We call first 6 messages Phase 1 and last 3 messages as Phase 2.
Both peers add a unique SPI just to uniquely identify each side's Security Association (SA):
In frame #1, the Initiator (.70) sends a set of Proposals containing a set of security parameters (Transforms) that Responder (.71) can pick if it matches its local policies:
Fair enough, in frame #2 the Responder (.71) picks one of the Transforms:
2.2 DH Key Exchange
Then, next 2 Identity Protection packets both peers exchange Diffie-Hellman public key values and nonces (random numbers) which will then allow both peers to agree on a shared secret key:
With DH public key value and the nonce both peers will generate a seed key called SKEYID.
A further 3 session keys will be generated using this seed key for different purposes:
SKEYID_d (d for derivative): not used by Phase 1. It is used as seed key for Phase2 keys, i.e. seed key for production traffic keys in Plain English.

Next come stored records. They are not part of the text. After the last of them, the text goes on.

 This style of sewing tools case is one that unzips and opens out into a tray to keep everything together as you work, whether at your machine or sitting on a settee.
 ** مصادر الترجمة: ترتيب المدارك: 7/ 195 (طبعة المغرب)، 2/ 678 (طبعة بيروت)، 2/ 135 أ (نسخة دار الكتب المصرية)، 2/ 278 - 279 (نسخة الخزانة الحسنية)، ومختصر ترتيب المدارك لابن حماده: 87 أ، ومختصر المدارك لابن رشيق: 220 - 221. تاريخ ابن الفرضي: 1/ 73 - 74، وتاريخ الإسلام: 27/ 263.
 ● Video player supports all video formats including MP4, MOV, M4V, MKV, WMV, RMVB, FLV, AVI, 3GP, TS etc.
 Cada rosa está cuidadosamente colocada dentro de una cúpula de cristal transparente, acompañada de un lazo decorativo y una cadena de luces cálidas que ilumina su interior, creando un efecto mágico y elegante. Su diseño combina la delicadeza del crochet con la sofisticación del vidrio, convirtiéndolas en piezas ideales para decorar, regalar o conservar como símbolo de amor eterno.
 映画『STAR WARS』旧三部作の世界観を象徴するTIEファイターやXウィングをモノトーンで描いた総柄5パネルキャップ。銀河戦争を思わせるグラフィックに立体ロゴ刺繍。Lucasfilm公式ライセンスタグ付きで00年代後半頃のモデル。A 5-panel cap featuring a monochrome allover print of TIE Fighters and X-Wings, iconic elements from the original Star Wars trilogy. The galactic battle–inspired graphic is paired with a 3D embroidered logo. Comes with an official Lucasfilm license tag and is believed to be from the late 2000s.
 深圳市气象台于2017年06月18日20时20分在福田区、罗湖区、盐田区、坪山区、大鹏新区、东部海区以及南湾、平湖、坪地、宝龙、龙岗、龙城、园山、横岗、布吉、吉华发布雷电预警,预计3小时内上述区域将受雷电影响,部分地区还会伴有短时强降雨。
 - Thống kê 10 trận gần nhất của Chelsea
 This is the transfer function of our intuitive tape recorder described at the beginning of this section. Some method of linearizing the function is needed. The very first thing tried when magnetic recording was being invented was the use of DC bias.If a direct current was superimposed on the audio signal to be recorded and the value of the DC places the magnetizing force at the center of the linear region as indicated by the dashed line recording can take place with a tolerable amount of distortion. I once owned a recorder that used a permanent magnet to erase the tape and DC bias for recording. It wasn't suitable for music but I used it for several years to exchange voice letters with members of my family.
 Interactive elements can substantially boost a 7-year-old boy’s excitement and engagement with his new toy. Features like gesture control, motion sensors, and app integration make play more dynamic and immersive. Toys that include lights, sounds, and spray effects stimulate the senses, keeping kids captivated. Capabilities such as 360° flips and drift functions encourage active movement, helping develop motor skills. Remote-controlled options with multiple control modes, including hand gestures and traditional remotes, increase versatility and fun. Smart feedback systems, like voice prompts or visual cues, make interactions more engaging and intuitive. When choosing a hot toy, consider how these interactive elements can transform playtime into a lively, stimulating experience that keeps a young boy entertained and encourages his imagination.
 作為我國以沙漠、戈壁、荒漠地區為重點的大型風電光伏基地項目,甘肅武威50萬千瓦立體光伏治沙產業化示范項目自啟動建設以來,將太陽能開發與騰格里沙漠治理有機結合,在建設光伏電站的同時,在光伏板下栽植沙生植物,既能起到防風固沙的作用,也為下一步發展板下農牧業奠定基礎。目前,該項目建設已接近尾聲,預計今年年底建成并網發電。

SKEYID_a (a for authentication): this key is used to protect message integrity in every subsequent packets as soon as both peers are authenticated (peers will authenticate each other in next 2 packets). Yes, I know, we verify the integrity by using a hash but throwing a key into a hash adds stronger security to hash and it's called HMAC.

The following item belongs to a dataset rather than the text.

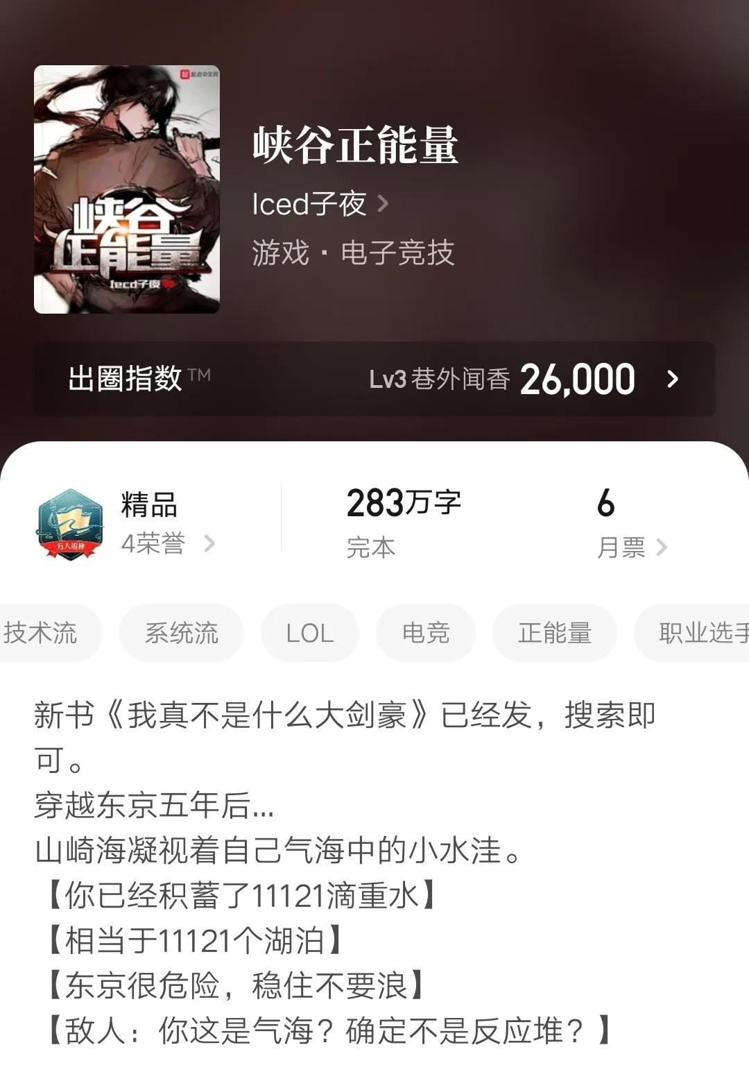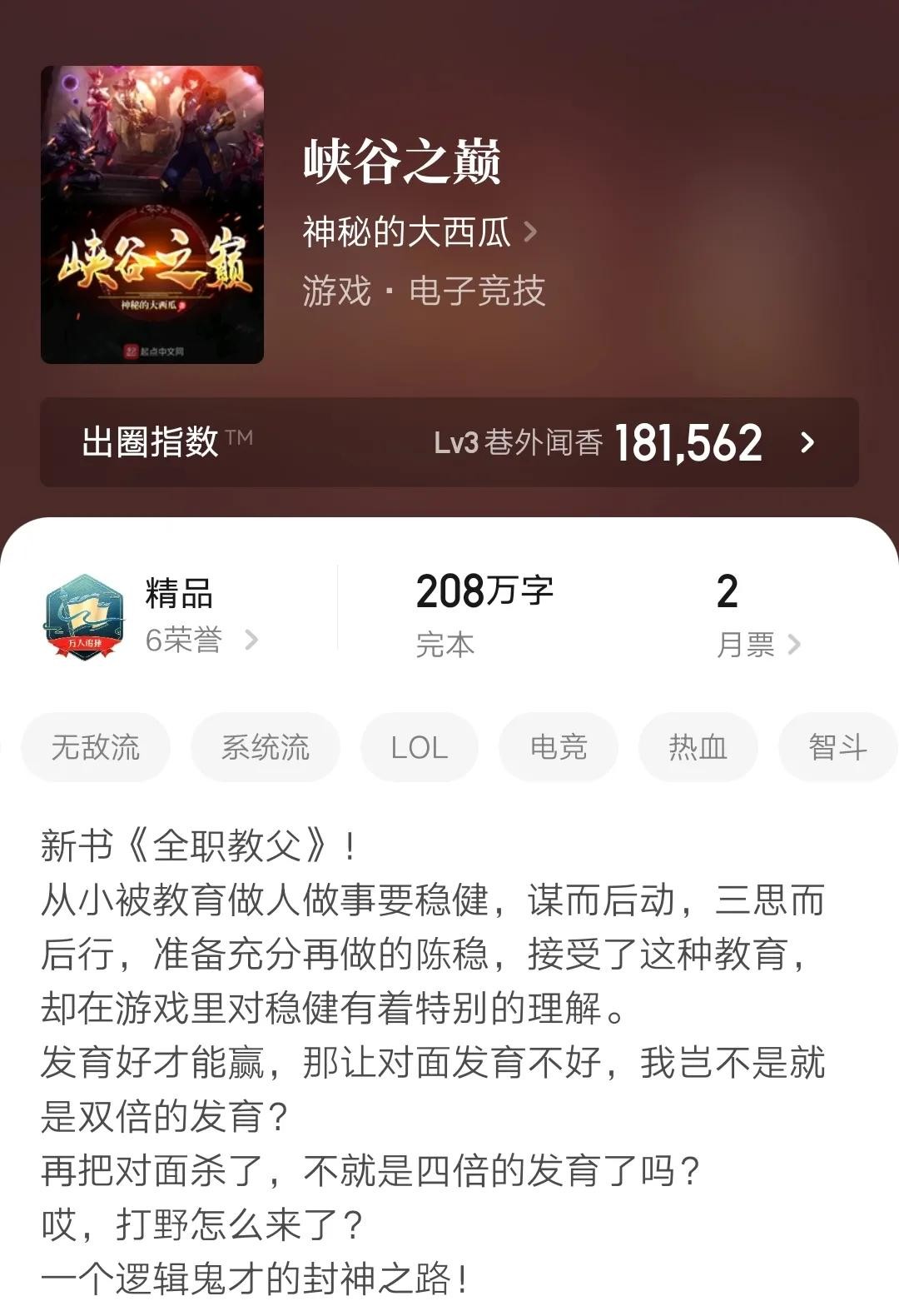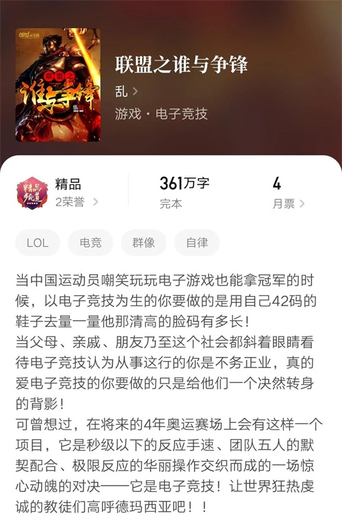 网文界有句老梗“乱写的都好看”说的就是这本书,这本作为写英雄联盟的小说里最早的一批,可以说是开创了联盟小说的经典套路了。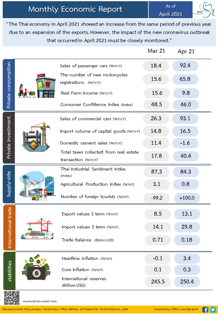 รายงานเศรษฐกิจการคลัง ประจำเดือน เมษายน 2564

SKEYID_e (e for encryption): you'll see that the next 2 packets are also encrypted. As selected encryption algorithm for this phase was AES-CBC (128-bits) then we use AES with this key to symmetrically encrypt further data.
Nonce is just to protect against replay attacks by adding some randomness to key generation
The purpose of this exchange is to confirm each other's identity. If we said we're going to do this using pre-shared keys then verification consists of checking whether both sides has the same pre-shared key. If it is RSA certificate then peers exchange RSA certificates and assuming the CA that signed each side is trusted then verification complete successfully.
In our case, this is done via pre-shared keys:
In packet #5 the Initiator sends a hash generated using pre-shared key set as key material so that only those who possess pre-master key can do it:
The responder performs the same calculation and confirms the hash is correct.
Responder also sends a similar packet back to Initiator in frame #6 but I skipped for brevity.
Now we're ready for Phase 2.
3. Phase 2
The purpose of this phase is to establish the security parameters that will be used for production traffic (IPSec SA):
Now, Initiator sends its proposals to negotiate the security parameters for production traffic as mentioned (the highlighted yellow proposal is just a sample as the rest is collapsed - this is frame #7):
Note: Identification payload carries source and destination tunnel IP addresses and if this doesn't match what is configured on both peers then IPSec negotiation will not proceed.
Then, in frame #8 we see that Responder picked one of the Proposals:
Frame #9 is just an ACK to the picked proposal confirming that Initiator accepted it:
I just highlighted the Hash here to reinforce the fact that since both peers were authenticated in Phase 1, all subsequent messages are authenticated and a new hash (HMAC) is generated for each packet.